### [Task to complete]
Should a picture appear anywhere in the data, omit it and copy everything else exactly.

### [Data section]
========================================
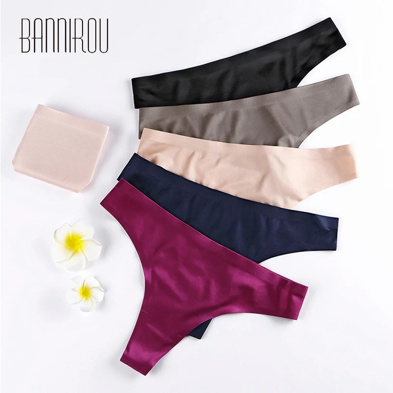 BANNIROU 1 шт. сексуальное нижнее белье для женщин бесшовные спортивные трусы женские Т-образные однотонные мягкие стринги ледяной шелковые трусы-бикини для женщин нижнее белье
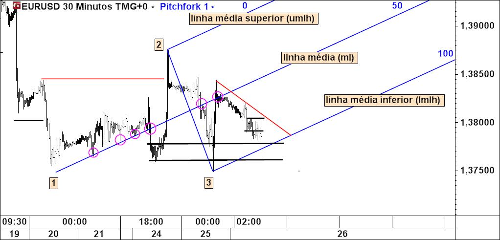 Deixa-me tentar trocar por miudos em linguagem de compras e vendas, no último exemplo que citaste do EURUSD de 30 min creio não estar enganado que se espera que os preços quebrem a LTD vermelha para gerar uma ordem de compra (digo compra porque a pendente da trend é ascendente, dada pelo sentido do canal linhas de Pitchfork) próxima dos 1,3800, uma vez que há 80% de chances das futuras cotações retornarem à Linha Média, nessa altura perto dos 1,3850 para ter como objetivo fazer aí uma venda e fechar a posição, é isso?
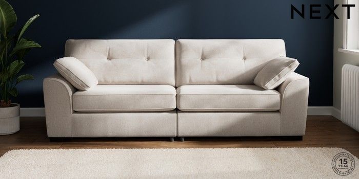 7.2.10 Stamford Buttoned Back 4 Seater Sofa Chunky Chenille Oyster Large Square Angle - Dark | Made Click here to use our website with more accessibility support, for example screen readers
========================================
### [Problem solution]
 BANNIROU 1 шт. сексуальное нижнее белье для женщин бесшовные спортивные трусы женские Т-образные однотонные мягкие стринги ледяной шелковые трусы-бикини для женщин нижнее белье
 Deixa-me tentar trocar por miudos em linguagem de compras e vendas, no último exemplo que citaste do EURUSD de 30 min creio não estar enganado que se espera que os preços quebrem a LTD vermelha para gerar uma ordem de compra (digo compra porque a pendente da trend é ascendente, dada pelo sentido do canal linhas de Pitchfork) próxima dos 1,3800, uma vez que há 80% de chances das futuras cotações retornarem à Linha Média, nessa altura perto dos 1,3850 para ter como objetivo fazer aí uma venda e fechar a posição, é isso?
 7.2.10 Stamford Buttoned Back 4 Seater Sofa Chunky Chenille Oyster Large Square Angle - Dark | Made Click here to use our website with more accessibility support, for example screen readers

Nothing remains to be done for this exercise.